June 11, 1997

HYSTERICAL HIVES and THE JOY OF CHAT

Question 1 of 2

Dear Dr. Lovelady,

I ended a three and a half year relationship last year because I realized that no matter what I did, he and I just didn't have enough in common. I recently started dating this nice younger man and we are very compatible. The problem is that any time he talks about commitment or exclusivity I break out in hives, cry hysterically for the three lost years and generally act insecure. I'm afraid to lose him but more afraid to be with him. What should I do?

Signed,
Nervous



Dear Nervous:

Of course you are insecure. You have seen that attraction leads to involvement which, regardless of the problems in the relationship, leads to commitment and intense pain upon extrication. Or, as Albert Einstein might have put it, if he had written an advice to the lovelorn column:

2 Attraction X (%Time - [Incompatibility/Lust ]) = ? of Rebound Trajectory

This is fine. The key word in your question is "recently", as in "I recently started dating..." Listen. You do not want to get instantly committed to someone you don't know well, especially in your current state of mourning. It sounds as if this person is pressuring you. Tell him to stop. But don't be rejecting about it. You might want to adopt a Robert Mitchum Film Noir style, along the lines of, "Baby, I'm trying to hold back, 'cause when I fall, I fall hard, but it ain't easy, doll, cause you make my nosehairs quiver."

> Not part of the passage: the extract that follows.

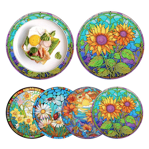 4Pcs Diamond Painting Coasters Flower Animal DIY Art Coaster Art Craft Supplies
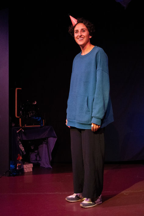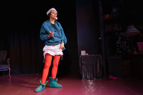 Gra is represents the outward presenting "high status" character we project into the world and the "low status" character that lives within. Constantly grappling with contradictions, she tries to understand the distinctions between similar yet different ideas and contrasting extremes: good / bad, desire / necessity, and art / craft. Gra tries to understand the world around her, using physical comedy, experimental audience interaction and improv to explore her ideas. Since we are all in existing in a place of existential crisis - this play between the mask we present and the truths that come from our inner monologue.

You must take care of yourself. Consider this a note from your doctor to that effect.



Question 2 of 2

Dear Dr. Lovelady,

Can my boyfriend and I keep up with a relationship based on 5 minute phone calls, letters and seeing each other maybe once a year?

Signed,
Long-Distance



Dear Long:

Please forgive me, but I cannot understand how a question like this can come from someone with Web access. Unless you are stuck in a jungle somewhere and have enlisted someone to trek through hundreds of miles of rain forest to find the nearest village with an internet cafe and submit this question for you, you surely must understand that there are ways of bypassing primitive telephone service, let alone the U.S. MAIL, so that you and your paramour can communicate for hours on a single quarter.

Have you never heard of n-talk or chat?

You must catch up with the times. Face-to-face relationships are almost a thing of the past. All across our planet, highly trained scientists are working in clean, bright, modern laboratories, 24 hours a day, to develop and refine simulated neural pathways made of the most durable and highly conductive inorganic substances ever manufactured. When implanted in our brains and connected to banks of high-speed computers, these networks will make actual interpersonal contact irrelevant. All sensory stimuli will be programmed into the system. All emotional and physical interchanges will be created by central circuits. No longer will we have to endure the smells and messes of our base animal functions, or the uncertainty and humiliation that is inevitable when human encounters human. As the technology becomes more and more sophisticated, humans will finally fulfill their evolutionary destiny: to become huge brains in bell jars, perfectly efficient vehicles for intercerebral communication.

You and others like you, bravely attempting to maintain love affairs while thousands of miles apart, are to be considered pioneers in the new technology of interpersonal relations. You are soldiers of the heart, the Lewis and Clarks of Love. We of mere blood and bone salute you!